Pooling (also called subsampling or downsampling) reduces the dimensionality of each feature map but retains the most important information. In case of Max Pooling, we define a spatial neighborhood (for example, a 2×2 window) and take the largest element from the rectified feature map within that window. Instead of taking the largest element we could also take the average (Average Pooling) or sum of all elements in that window. In practice, Max Pooling has been shown to work better.
After pooling comes flattening. Here the matrix is converted into a linear array so that to input it into the nodes of our neural network.
Here is the code
def ImageModel(input_shape):
# Define the input placeholder as a tensor with shape input_shape. Think of this as your input image!

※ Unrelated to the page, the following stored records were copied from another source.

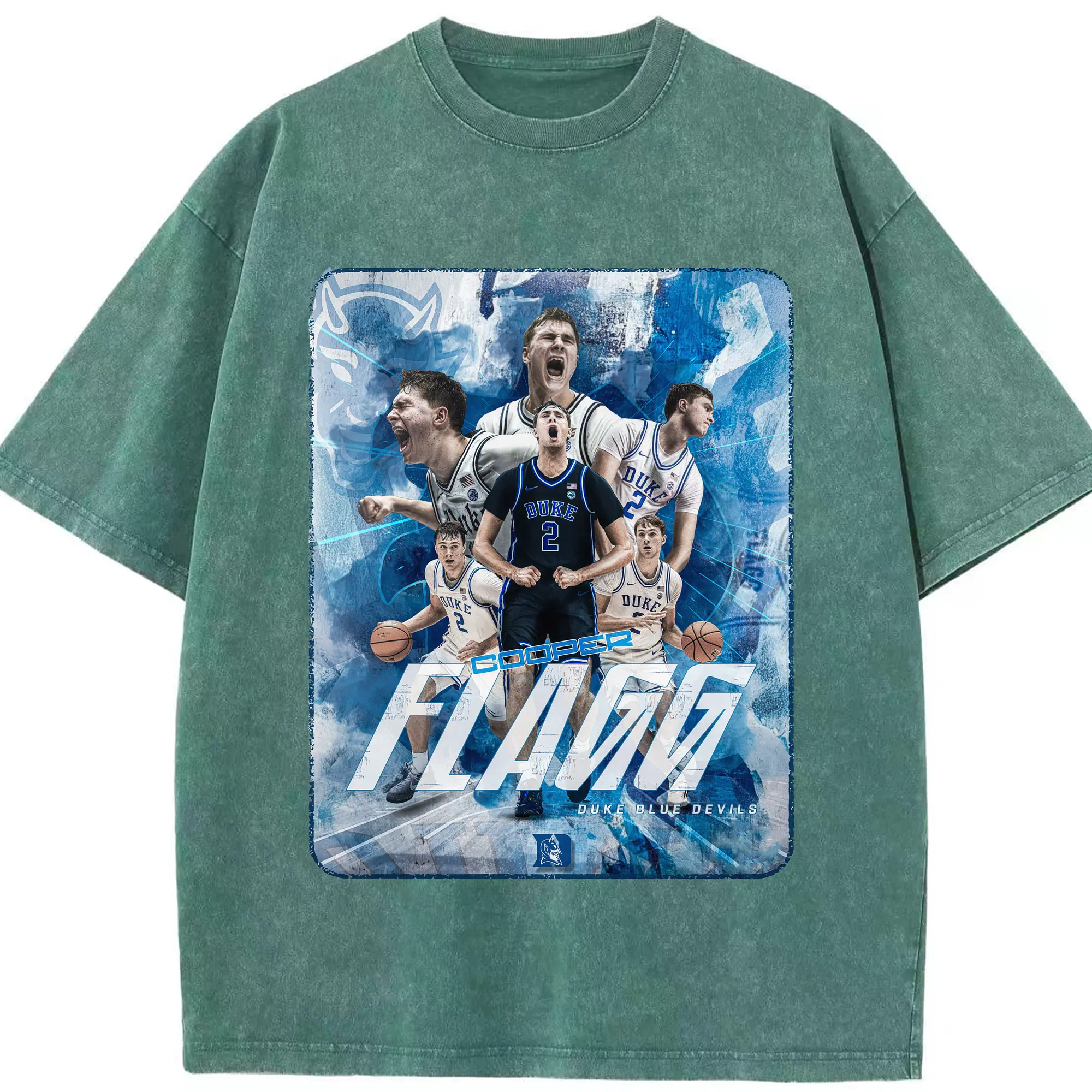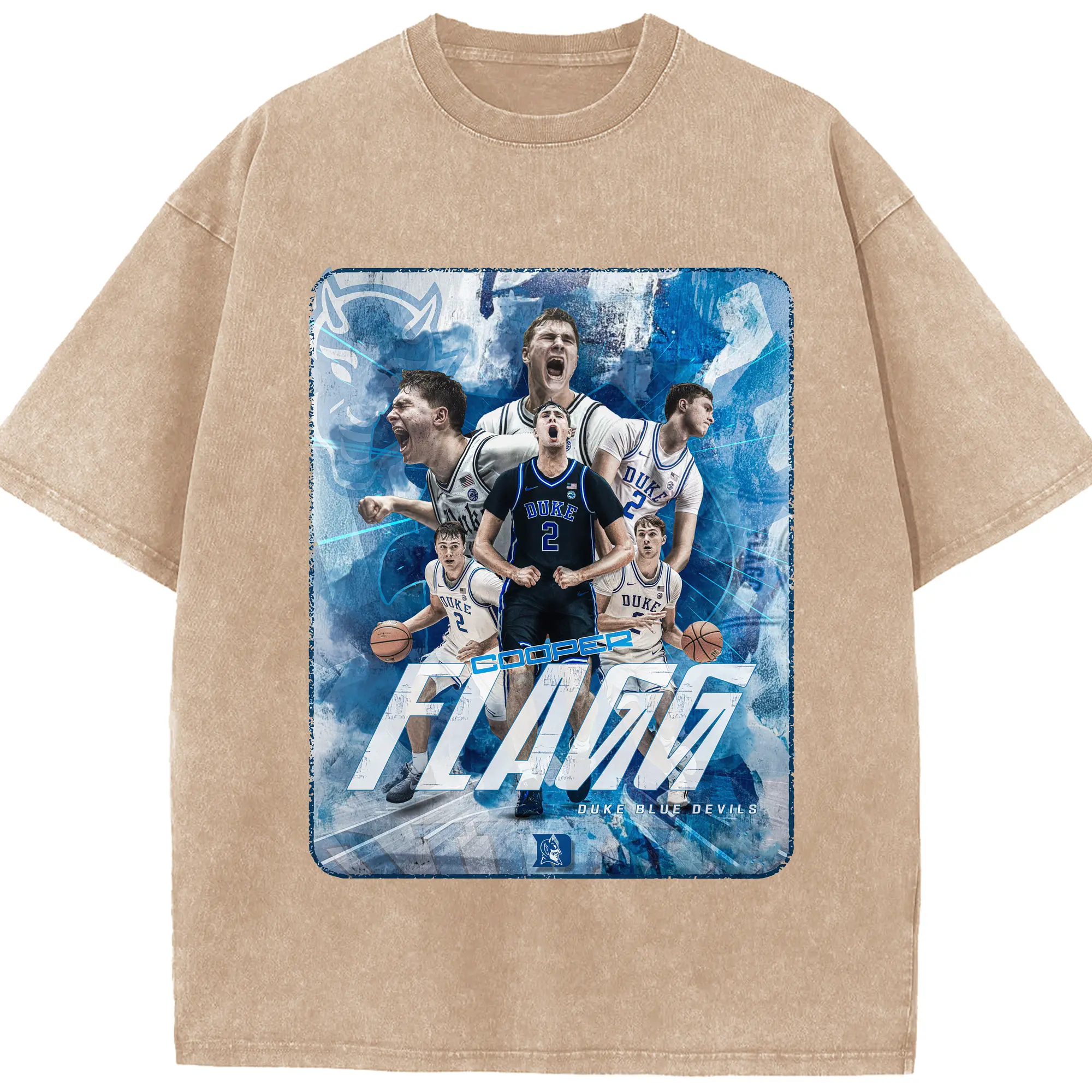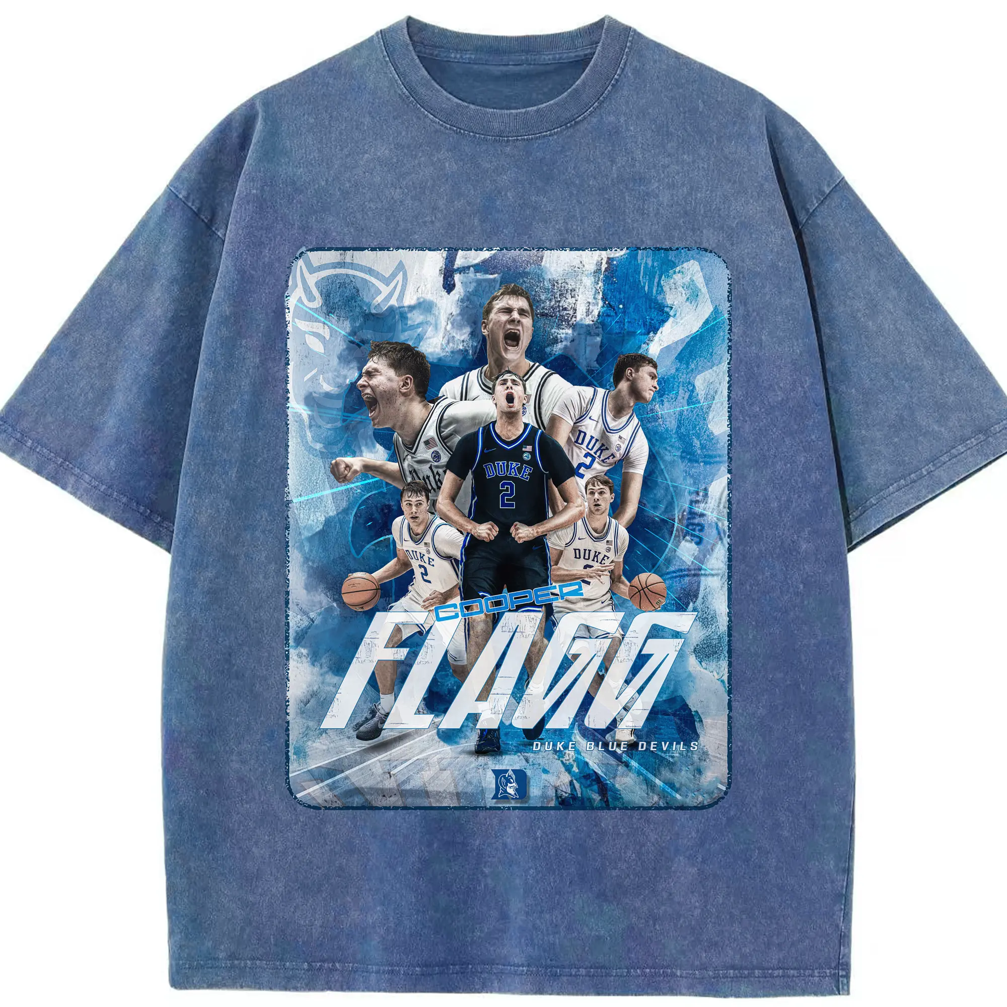 Duke Blue Devils Cooper Flagg Hoops Collage Shirt - Washed Vintage Look 230g Cotton Oversized T-Shirt With Front Heat Transfer Print – Soft, Lightweight, Stylish Fit – Comfortable Casual Wear For Sports & Everyday Use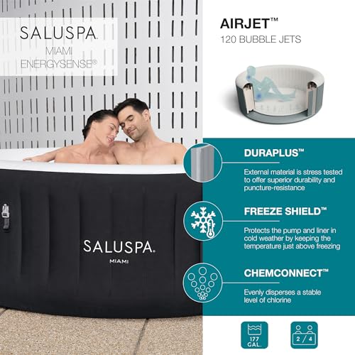 SOOTHING MASSAGE SYSTEM: The SaluSpa Miami Inflatable Hot Tub Spa features 120 jets which release air bubbles to create a warm, relaxing experience at your home. The massage system has two different intensity levels for your preference.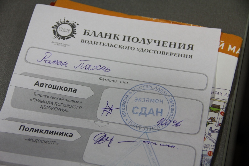 В детском городе все максимально приближено к реальным условиям, а это значит, что нужно и медкомиссию пройти, и сдать теорию в автошколе.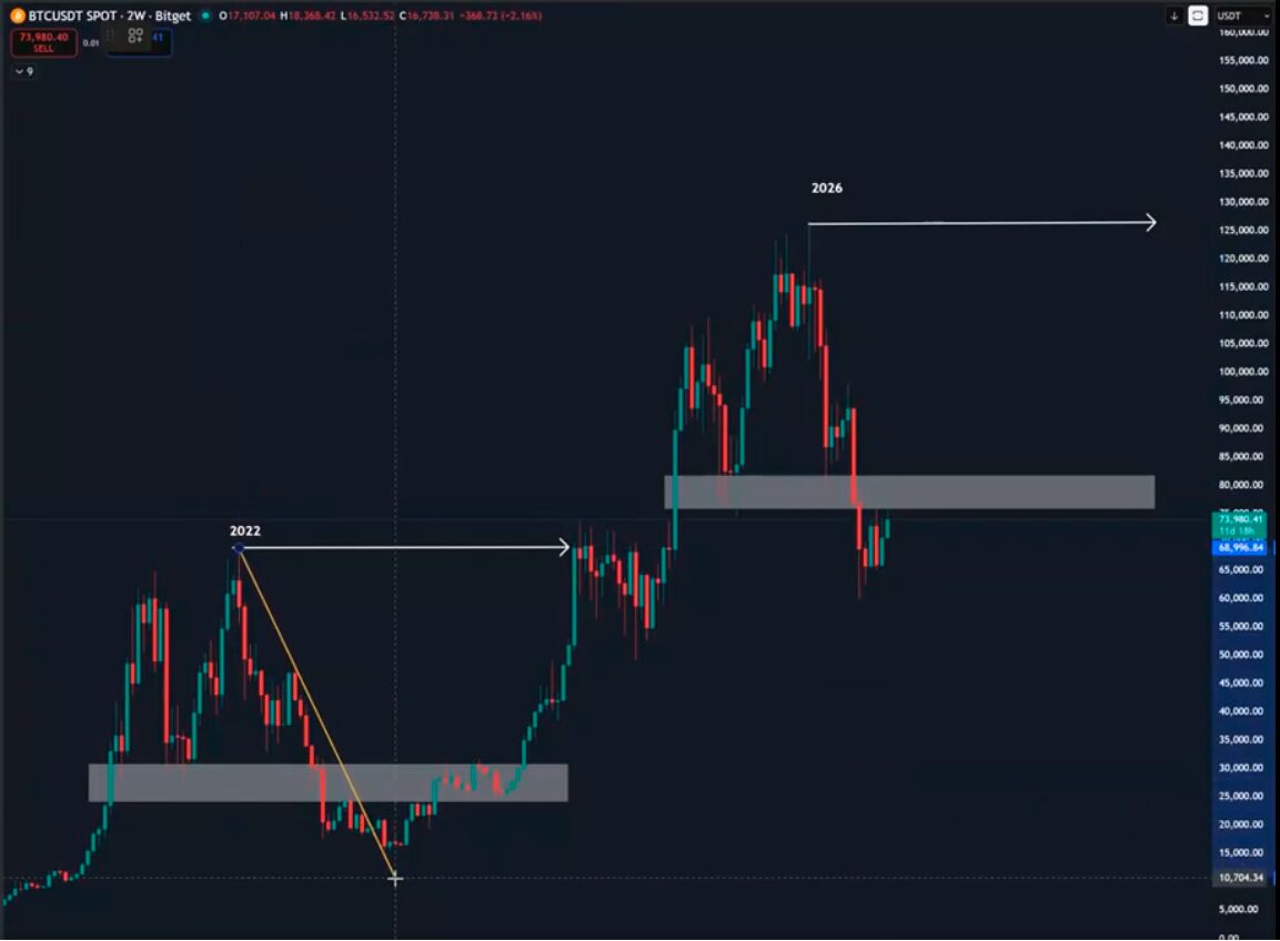 Szerinte a jelenlegi piaci helyzet több szempontból hasonlít a korábbi medvepiacokhoz. Külön kiemelte a 2022-es időszakot, amikor a Bitcoin árfolyama hirtelen nagyot esett, majd egy újabb, még erősebb zuhanás következett.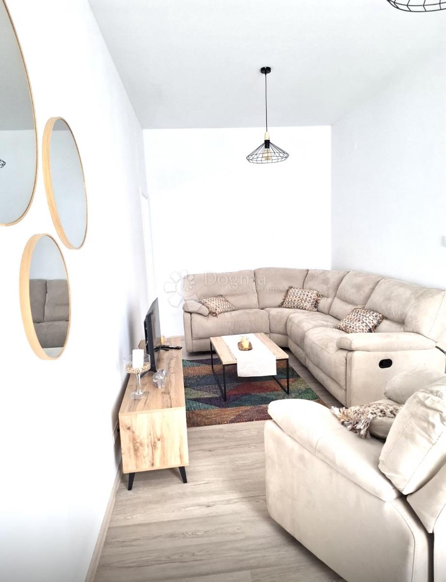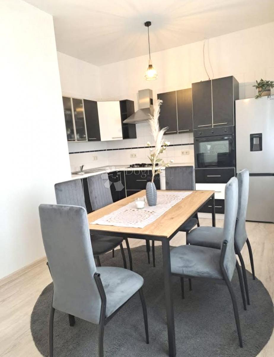 Interijer stana uređen je u toplim nijansama šampanjca, uz pažljivo birane moderne detalje koji stvaraju ugodnu i elegantnu atmosferu. Prostor je svijetao i prozračan i funkcionalne tlocrtne dispozicije. Velika blagovaonica povezana je s kuhinjom, u sofisticiranoj kombinaciji sivih i bijelih tonova te i elemenata, dok prostrani dnevni boravak nudi dovoljno mjesta za opuštanje a može služiti i kao radni prostor. Zidna dekoracija u obliku okruglih ogledala vizualno povećava prostor, a decentna rasvjeta dodatno naglašava moderan dizajn.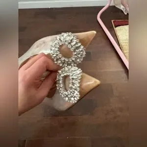 Zara Women's Tan Heeled Shoes clear with Crystal Embellishment sling back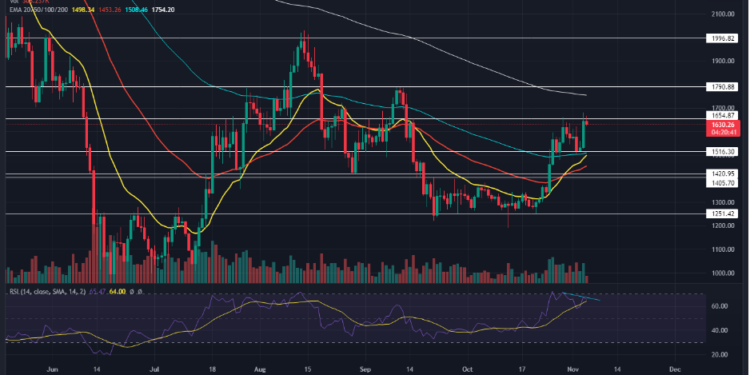 Ethereum is currently at the mercy of sellers that could put a huge dent on its bullish momentum and pull it back to the $1,500 region, or even lower. The king of all altcoins took advantage of the crypto market’s late October push, surging all the way to $1,655. It tried to move past this particular territory to be closer to its $1,700 target. ETH is steadily holding the $1,600 zone, for now Ethereum could retest the $1,500 support level due to tremendous selling pressure The altcoin is forecasted to trade below $1,400 30 days from now But the effects of the Federal Reserves’ 75 bps interest rate hike caught up with the cryptocurrency and made it fall all the way down to $1,500 once again. The digital asset was quick to shake this off and made a bounce back rally as it now trades at $1,615 according to latest data from Coingecko. In a span of two weeks, ETH managed to grow by 30% but if selling pressure continues to get in the way of the altcoin, it might kiss its entire recent gains goodbye. Sellers Could Push Ethereum To Test A Familiar Support Level As the crypto continues to hold the $1,600 marker, it will continue to attract sellers specially those who started to accumulate when ETH was struggling to even just hit the $1,400 zone. Related Reading: Dogecoin (DOGE) Price Seen Sliding 15% In Coming Days – Here’s Why Source: TradingView If indeed more selling pressure comes right now, the digital currency could decline by 7% and will visit a familiar territory – the $1,500 support level. This price dump will then put Ethereum in a double-top pattern which denotes an accelerated bearish cycle that will ultimately make the asset fall below the earlier mentioned support zone. It gets worse for ETH as its Relative Strength Index (RSI) is showing weakness in its previous bullish movement, seemingly affirming the bearish forecasts. Technical analysis points for the crypto show its current volatility level is low and therefore there is a possibility that any significant decline that will be observed from it right now could persist for a long time. Coincodex Sees The Same For Ethereum Coincodex, an online tracker and crypto data provider, is seeing the same bleak situation for the second largest cryptocurrency in terms of market capitalization. According to its forecast, over the next five days, ETH will trade at $1,533 as it will abandon the $1,600 region that it hit after responding positively to the October Labor Report of the U.S. The next 30 days will be worse for the crypto asset as it is predicted to drop below the $1,400 marker and will settle for a changing hands price of $1,357. It would appear that Ethereum’s only chance to avoid revisiting the mentioned price levels is if sellers are unable to exert strong pressure that could undermine its current bullish movement. Related Reading: Axie Infinity Can Recoup Its 6-Month Loss And Rise 25%, But It Must First Do This ETH market cap at $198.6 billion on the weekly chart | Featured image from Kryptomoney, Chart: TradingView.com Disclaimer: The analysis represents the author’s personal understanding of the crypto market and should not be construed as investment advice.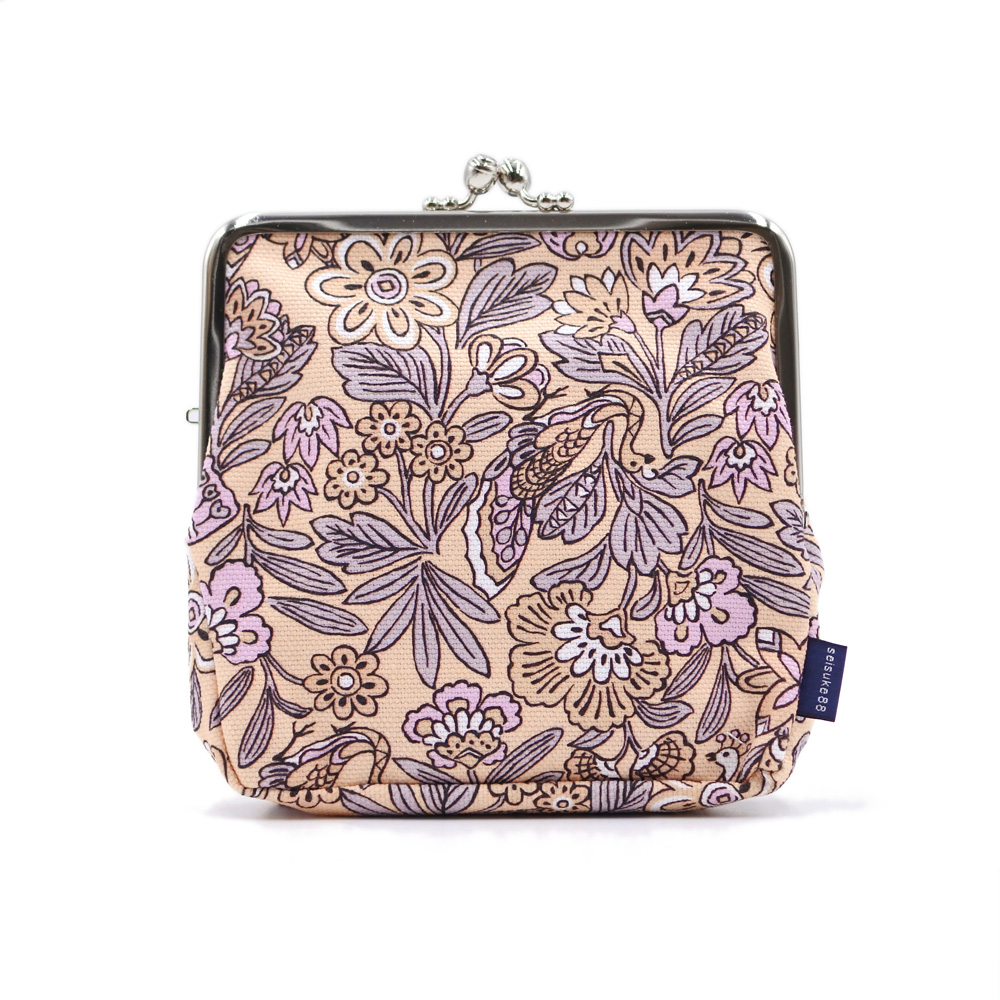 その姿と色彩の美しさにより神格化されてきた孔雀。害虫や毒蛇などを食べるとされていることから、悪霊を食べ邪気を払う瑞鳥としても尊ばれてきました。色あざやかな草花と共に意匠化された、大胆で華やかな吉祥文様です。

X_input = Input(input_shape)
X = X_input
# CONV -> BN -> RELU Block applied to X
X = Conv2D(32, (4, 4), strides = (1, 1), name = 'conv0')(X)
X = BatchNormalization(axis = 3, name = 'bn0')(X)
X = Activation('relu')(X)
# MAXPOOL
X = MaxPooling2D((2, 2), name='max_pool1')(X)
# CONV -> BN -> RELU Block applied to X
X = Conv2D(64, (4, 4), strides = (1, 1), name = 'conv1')(X)
X = BatchNormalization(axis = 3, name = 'bn1')(X)
X = Activation('relu')(X)
# MAXPOOL
X = MaxPooling2D((2, 2), name='max_pool2')(X)
# FLATTEN X (means convert it to a vector) + FULLYCONNECTED
X = Flatten()(X)
X = Dense(4, activation='softmax', name='fc')(X)
# Create model. This creates your Keras model instance, you'll use this instance to train/test the model.
model = Model(inputs = X_input, outputs = X, name='ImageModel')
return model
So now our CNN network looks like this
Training the network
imageModel.fit(x=X_train, y=y_train, epochs=25, batch_size=64,shuffle=True,verbose=2)
So, we completed all the steps of construction and its time to train our model.
Testing the network
preds = imageModel.evaluate(x=X_test, y=y_test)
print()
print ("Loss = " + str(preds[0]))
print ("Test Accuracy = " + str(preds[1]))
our model has reached accuracy of 80%. Though it is not 100% accurate but it will give correct predictions most of the times. Try adding more convolutional and pooling layers, play with the number of nodes and epochs, and you might get high accuracy result.
Transfer Learning
we take the pre-trained weights of an already trained model(one that has been trained on millions of images belonging to 1000’s of classes, on several high power GPU’s for several days) and use these already learned features to predict new classes.
There are several models that have been trained on the image net dataset and have been open sourced.
For example, VGG-16, VGG-19, Inception-V3 etc. For more details about each of these models, read the official keras documentation here.
I decide to use VGG-19 in this example, code as following
base_model = VGG19(
weights='imagenet',
include_top=False,
input_shape=X_train.shape[1:],
classes=3
)
x = base_model.output
x = GlobalAveragePooling2D()(x)
x = Dense(1024, activation='relu')(x)
output = Dense(4, activation='softmax')(x)
model = Model(inputs=base_model.input, outputs=output)
model.compile(
optimizer='adam',
loss='categorical_crossentropy',
metrics=['accuracy']
)
The VGG-19 network looks like this
Testing network accuracy
model.fit(X_train,y_train, epochs=25,verbose=2,shuffle=True)
test_loss, test_acc = model.evaluate(X_test,y_test)
print(test_acc)
Our model has reach 100% accuracy! Even though it has reached high accuracy due to the limited sample of testing images.
Summary
So, we created a simple Image Recognition Classifier. The same concept can applied to a diverse range of objects with a lot of training data and appropriate network. You can change the dataset with the images of your friends and relatives and work upon the network to make a Face Recognition Classifier.